Os acordos bilaterais firmados pelo Brasil com os países vizinhos através do instrumento diplomático e pautados no diálogo, desde o final do período colonial até o início da República, traduzem o anseio da Diplomacia Brasileira em solucionar as controvérsias através de meios pacíficos, rejeitando incisivamente qualquer ato unilateral que possa resultar em confrontos armados.

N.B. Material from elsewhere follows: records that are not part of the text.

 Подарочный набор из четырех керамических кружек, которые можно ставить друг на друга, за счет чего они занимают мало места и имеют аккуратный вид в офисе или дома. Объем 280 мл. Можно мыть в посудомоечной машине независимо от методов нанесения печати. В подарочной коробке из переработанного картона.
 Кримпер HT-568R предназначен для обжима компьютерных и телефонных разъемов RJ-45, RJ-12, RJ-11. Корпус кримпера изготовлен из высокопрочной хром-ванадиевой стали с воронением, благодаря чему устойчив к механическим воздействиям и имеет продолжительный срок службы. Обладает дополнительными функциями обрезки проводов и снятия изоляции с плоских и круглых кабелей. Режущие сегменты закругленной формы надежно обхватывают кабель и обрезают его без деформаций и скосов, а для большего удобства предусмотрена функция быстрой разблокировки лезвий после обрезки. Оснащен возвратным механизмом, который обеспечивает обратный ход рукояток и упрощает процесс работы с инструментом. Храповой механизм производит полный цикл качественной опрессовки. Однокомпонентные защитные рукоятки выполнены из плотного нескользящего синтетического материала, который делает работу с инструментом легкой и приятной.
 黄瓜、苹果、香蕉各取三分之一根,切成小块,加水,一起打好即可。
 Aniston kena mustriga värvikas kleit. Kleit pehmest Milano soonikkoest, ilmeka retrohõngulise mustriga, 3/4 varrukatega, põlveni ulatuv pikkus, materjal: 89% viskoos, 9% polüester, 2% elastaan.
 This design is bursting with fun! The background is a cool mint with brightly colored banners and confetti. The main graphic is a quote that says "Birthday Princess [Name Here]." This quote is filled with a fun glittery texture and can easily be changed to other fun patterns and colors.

Assim, a consolidação das fronteiras nacionais através do esforço diplomático não apenas representou a unificação do território e de sua população em torno do ideal de Nação - realidade diametralmente oposta da que vive países cujas fronteiras foram formadas a partir de conflitos armados e que convivem rotineiramente com movimentos separatistas -, como também serviu para lançar a imagem do Brasil como o de um país de costumes pacíficos, que almeja a paz mundial e repudia a violência em todas as suas formas.
À época, definir os limites territoriais nacionais era fundamental, pois apenas com um território bem estabelecido seria possível desenvolver uma política externa de sucesso, e foi isso que o Barão fez. Em suas próprias palavras: "já construí o mapa do Brasil. Agora o meu programa é de contribuir para a união e a amizade entre os países sul-americanos".
[1] O princípio da fronteira natural determina que as fronteiras entre os Estados não devem ser abstratas, mas sim estabelecidas por acidentes geográficos, como rios, montanhas, dentre outros.
[2] O princípio do uti possidetis define como pertencente a um País aqueles territórios ocupados de forma efetiva, e não os que deveria ocupar, segundo tratados anteriores.
[3] GOES, Synesio Sampaio. A Paz das Fronteiras Coloniais: Alexandre de Gusmão, o grande Obreiro do Tratado de Madrid. In: Silva, Raul Mendes. Missões de Paz, a Diplomacia Brasileira nos Conflitos Internacionais, Edição Comemorativa dos Cem Anos de Paz nas Fronteiras do Brasil. Rio de Janeiro: Multimídia, 2003. p. 33-64.